REQUIREMENT:
Skip the pictures and write out, word for word, the lines below from the one with "2. But as this" through the one with "活动首先以3个励志的短视频奠", inclusive.

DATASET:

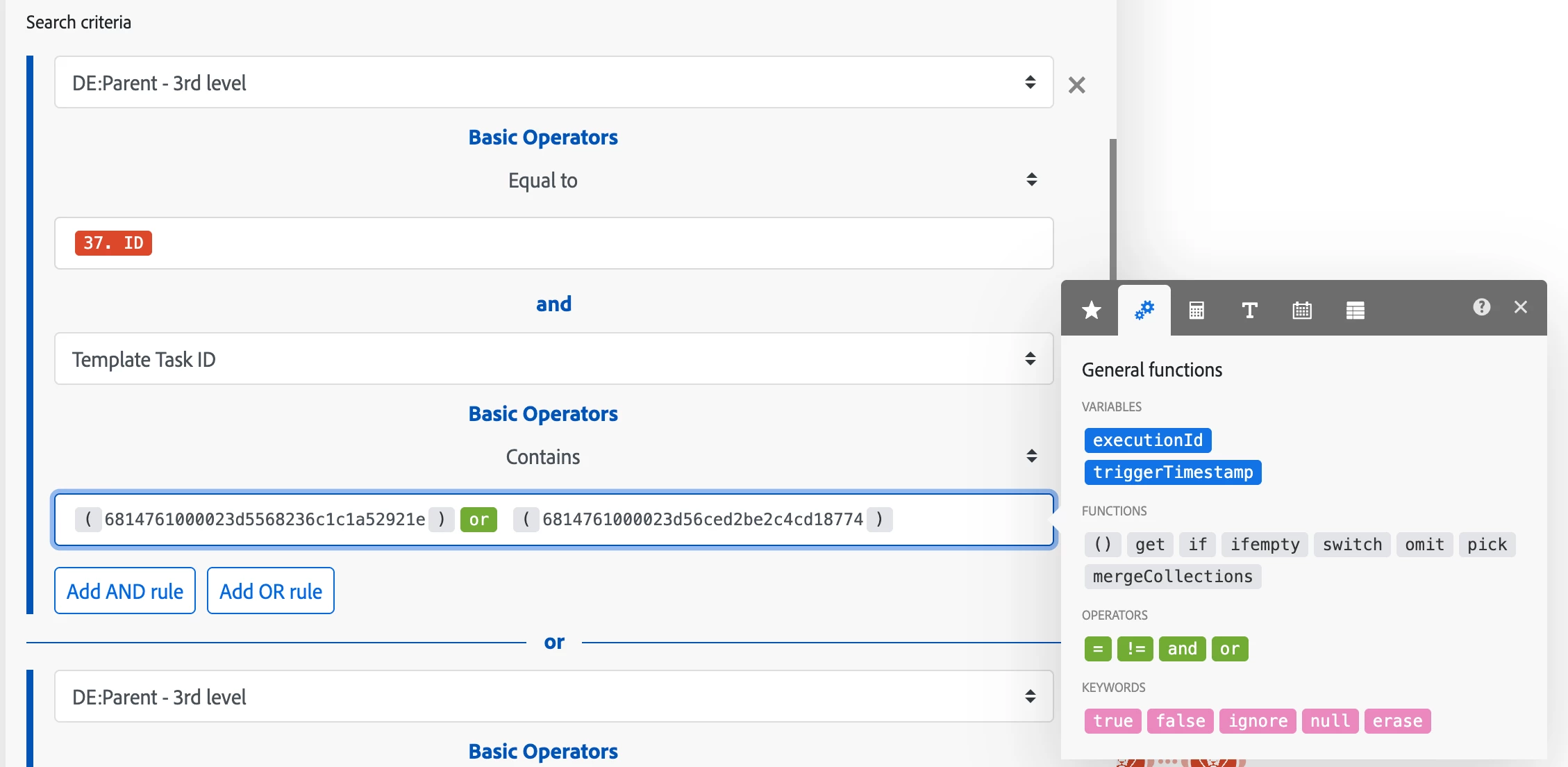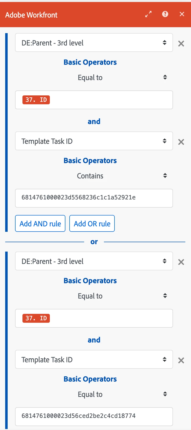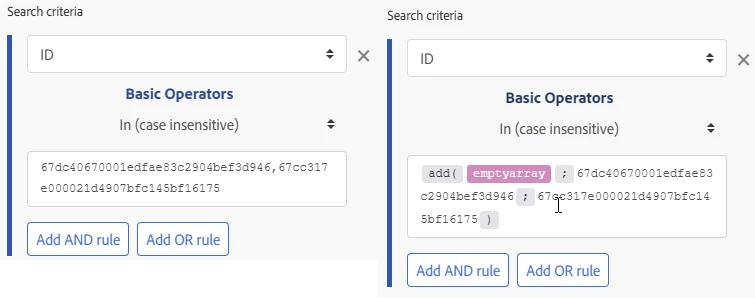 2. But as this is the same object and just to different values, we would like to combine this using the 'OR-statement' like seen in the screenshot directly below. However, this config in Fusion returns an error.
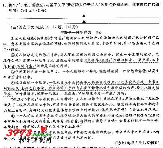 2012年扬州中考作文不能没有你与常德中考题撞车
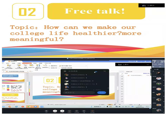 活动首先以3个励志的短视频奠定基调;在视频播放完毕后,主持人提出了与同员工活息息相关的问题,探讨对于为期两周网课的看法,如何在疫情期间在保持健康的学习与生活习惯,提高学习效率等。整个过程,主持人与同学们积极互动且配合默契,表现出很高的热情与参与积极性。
--
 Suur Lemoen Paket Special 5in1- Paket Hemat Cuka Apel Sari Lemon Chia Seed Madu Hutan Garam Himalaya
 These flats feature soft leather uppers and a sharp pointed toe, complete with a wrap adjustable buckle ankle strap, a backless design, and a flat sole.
--
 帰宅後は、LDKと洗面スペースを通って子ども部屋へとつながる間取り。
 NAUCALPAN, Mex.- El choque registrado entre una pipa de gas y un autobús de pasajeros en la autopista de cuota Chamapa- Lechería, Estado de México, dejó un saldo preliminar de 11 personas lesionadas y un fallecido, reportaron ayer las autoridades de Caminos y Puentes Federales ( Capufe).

THE COMPLETED TASK:
 2. But as this is the same object and just to different values, we would like to combine this using the 'OR-statement' like seen in the screenshot directly below. However, this config in Fusion returns an error.
 2012年扬州中考作文不能没有你与常德中考题撞车
 活动首先以3个励志的短视频奠定基调;在视频播放完毕后,主持人提出了与同员工活息息相关的问题,探讨对于为期两周网课的看法,如何在疫情期间在保持健康的学习与生活习惯,提高学习效率等。整个过程,主持人与同学们积极互动且配合默契,表现出很高的热情与参与积极性。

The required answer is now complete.